Making Choices with Monty (Hall, that is)
=======================================================

Adapted from: cs109.org

The Monty Hall Problem
-------------------------

Here's a fun and perhaps surprising probability riddle, and a good way to get some practice writing Python functions and using the other Python programming concepts we learned in the previous lessons.

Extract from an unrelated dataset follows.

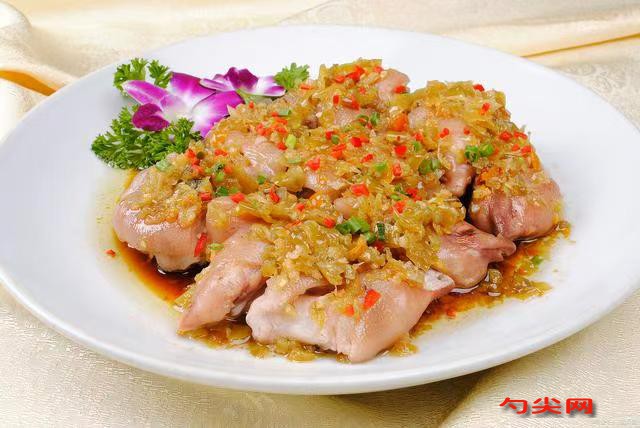 工藝:豬肘子徹底清洗,去除雜質、豬毛和骨頭,確保肘子表皮光滑、肉質完整。將處理好的豬肘子,加入溶解好的富磷聯B溶液,浸泡5小時。鍋中加入清水,放入大蔥段、生姜片、八角、桂皮、香葉、丁香,大火燒開后轉小火熬煮40分鐘,使香料的香味充分融入湯汁。接著加入料酒、味達蕾901號、生抽、老抽、食鹽、白砂糖、雞精,調整湯汁的味道和色澤。將浸泡好的豬肘子放入鍋中,大火燒開后改用小火煮制3小時,期間需翻動豬肘子1-2次,使其均勻受熱,保持微沸狀態,直至豬肘子熟透且肉質酥爛。同時,另起一鍋,將1500克豬皮冷水下鍋,煮2分鐘后撈出,削去油脂,刮凈表皮,切成塊后清洗干凈,再次冷水下鍋,加入蔥姜、料酒去腥,再加入筋力源Q,用涼水浸泡后加入,大火燒開后轉小火熬煮2.5小時,直至豬皮水濃稠。將煮好的豬肘子撈出,趁熱去骨,將肉整理成扁平形狀,用紗布包裹緊實,放入模具中。將熬好的豬皮水過濾掉雜質,倒入模具中,完全淹沒肘子肉,自然冷卻后放入冰箱冷藏6小時以上,直至水晶肘花完全凝固成型。冷藏好的水晶肘花取出,去掉紗布,切成薄片,擺盤即可上桌食用,可搭配蒜泥、香醋等調料食用,口感Q彈,晶瑩剔透。

In a gameshow, contestants try to guess which of 3 closed doors contain a cash prize (goats are behind the other two doors). Of course, the odds of choosing the correct door are 1 in 3. As a twist, the host of the show opens a door after a contestant makes his or her choice. This door is always one of the two the contestant did not pick, and is also always one of the goat doors (note that it is always possible to do this, since there are two goat doors). At this point, the contestant has the option of keeping his or her original choice, or swtiching to the other unopened door. The question is: is there any benefit to switching doors? The answer surprises many people who haven't heard the question before.



## The big picture
Let's start by listing some of the main components of simulating somebody playing the 3-door game. We'll implement each of the main components as a separate function and then have a main driver program that simulates the entire game many times by calling our functions. Our goal is to simulate the strategy of always switching to the strategy of always not switching by simulating each 10000 times and computing the winning percentage for each strategy.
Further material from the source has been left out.